(Beginning of EXERCISE DATA)
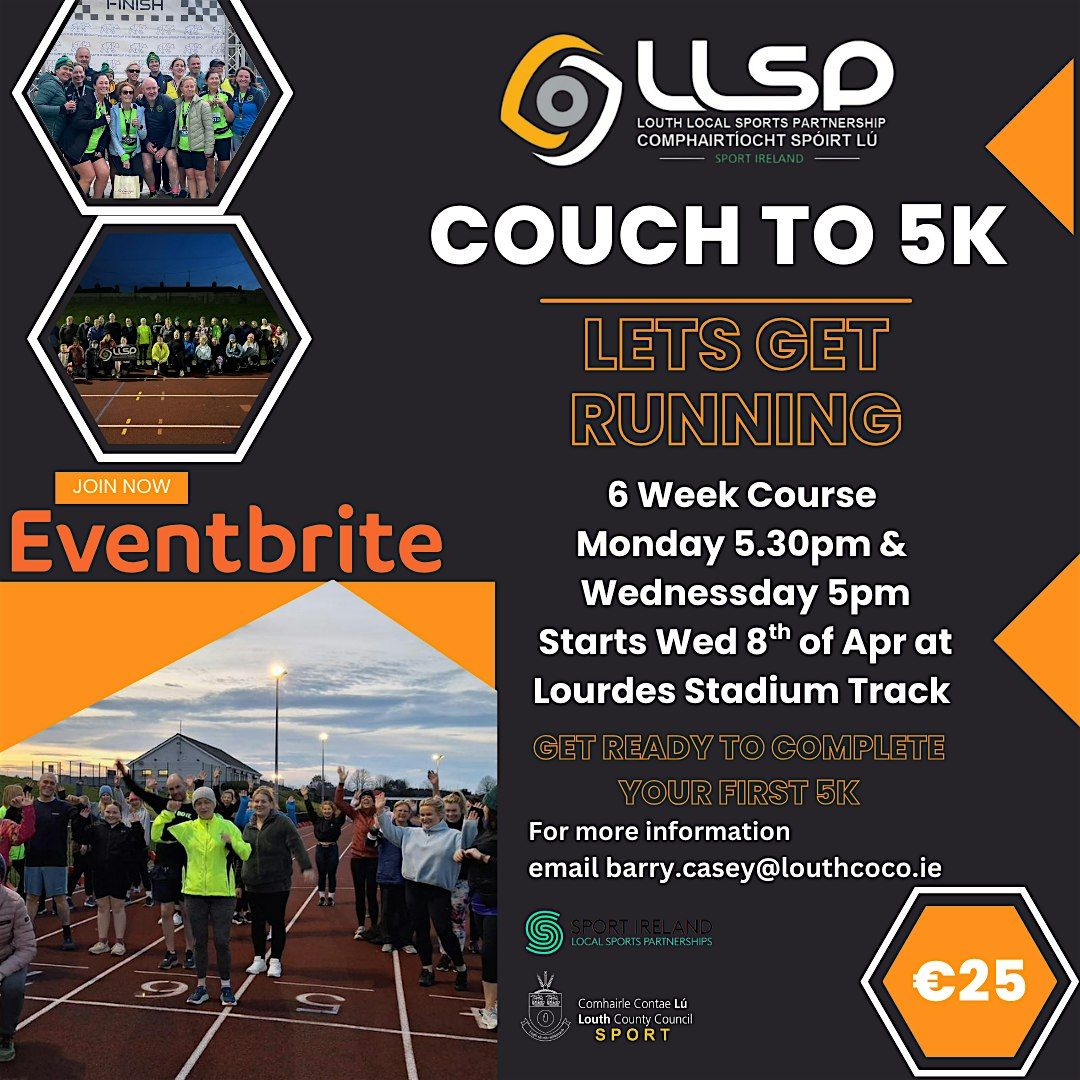 The Couch to 5k programme is a physical activity programme specifically aimed at anyone who has been particular sedentary for the last number of weeks. Starts on Wed the 8th of April, will take place every Mon at 5.30pm and again on Wed at 5pm
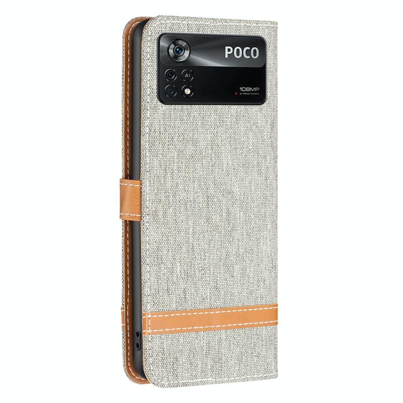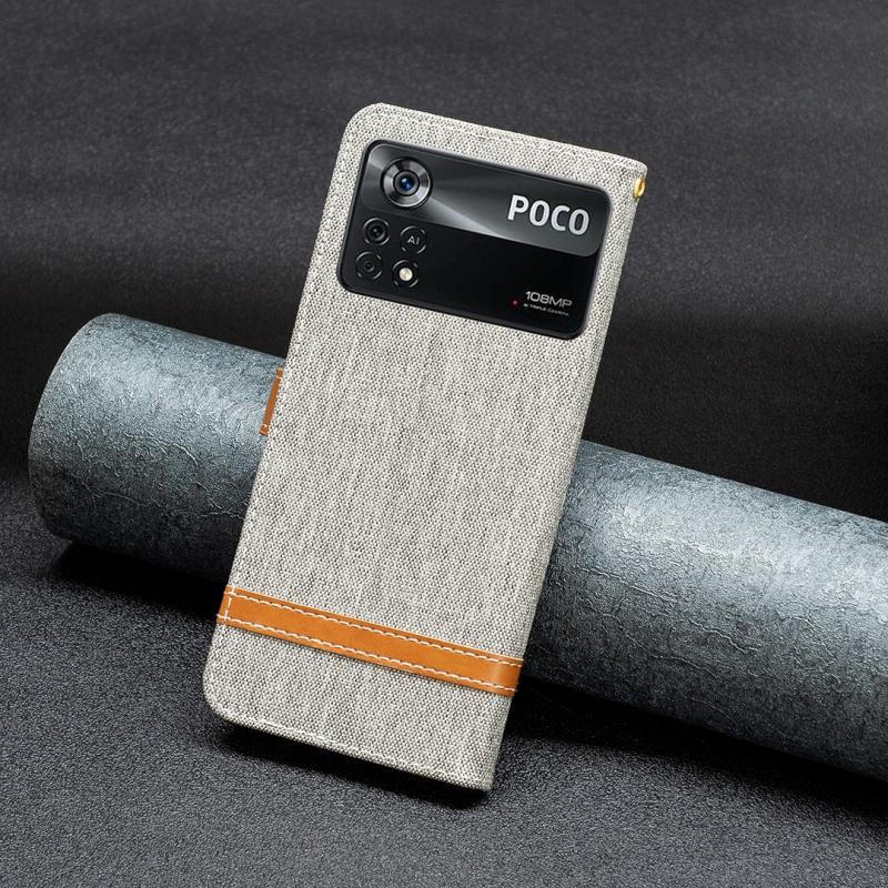 Θήκη τηλεφώνου Xiaomi Poco M4 Pro 5G με υφή τζιν και δερμάτινη υφή Color Block (Μαύρο)
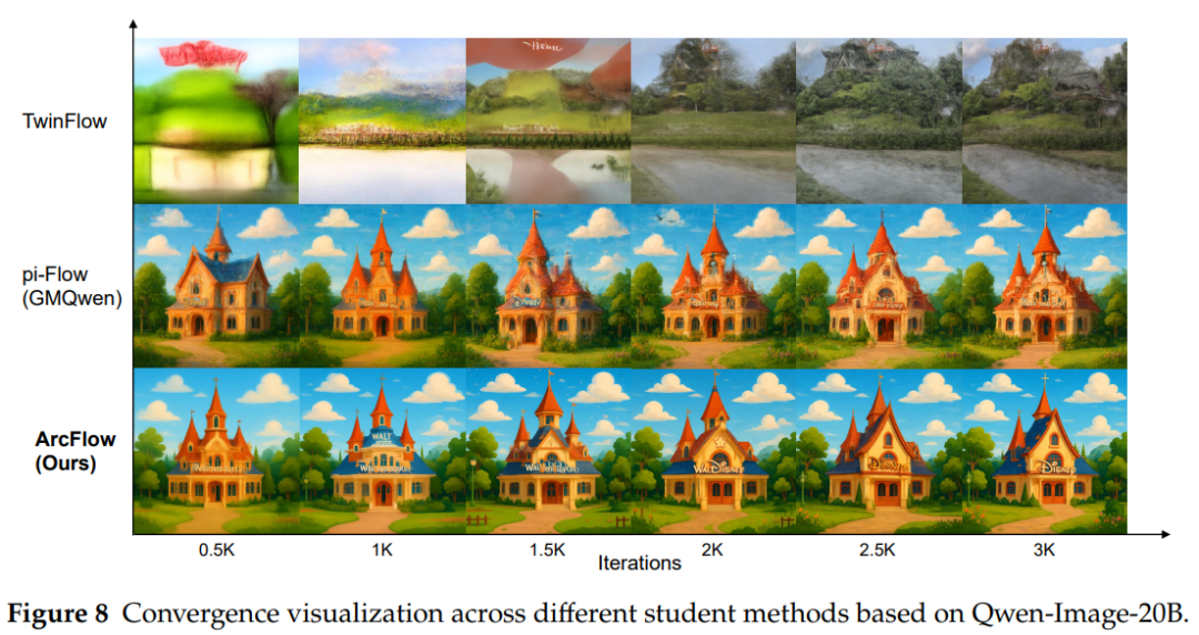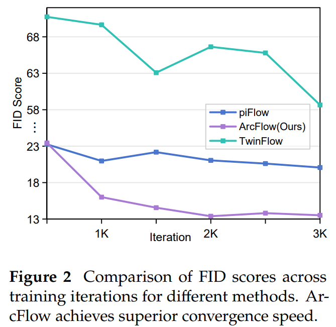 训练收敛极快:相比 TwinFlow 等全量微调方法,ArcFlow 的收敛速度快了超过 4 倍。
(End of EXERCISE DATA)
WHAT THE TASK ASKS:
What the answer must hold: all the data above, given again exactly, without pictures.

OUTPUT FOR THIS EXERCISE:
 The Couch to 5k programme is a physical activity programme specifically aimed at anyone who has been particular sedentary for the last number of weeks. Starts on Wed the 8th of April, will take place every Mon at 5.30pm and again on Wed at 5pm
 Θήκη τηλεφώνου Xiaomi Poco M4 Pro 5G με υφή τζιν και δερμάτινη υφή Color Block (Μαύρο)
 训练收敛极快:相比 TwinFlow 等全量微调方法,ArcFlow 的收敛速度快了超过 4 倍。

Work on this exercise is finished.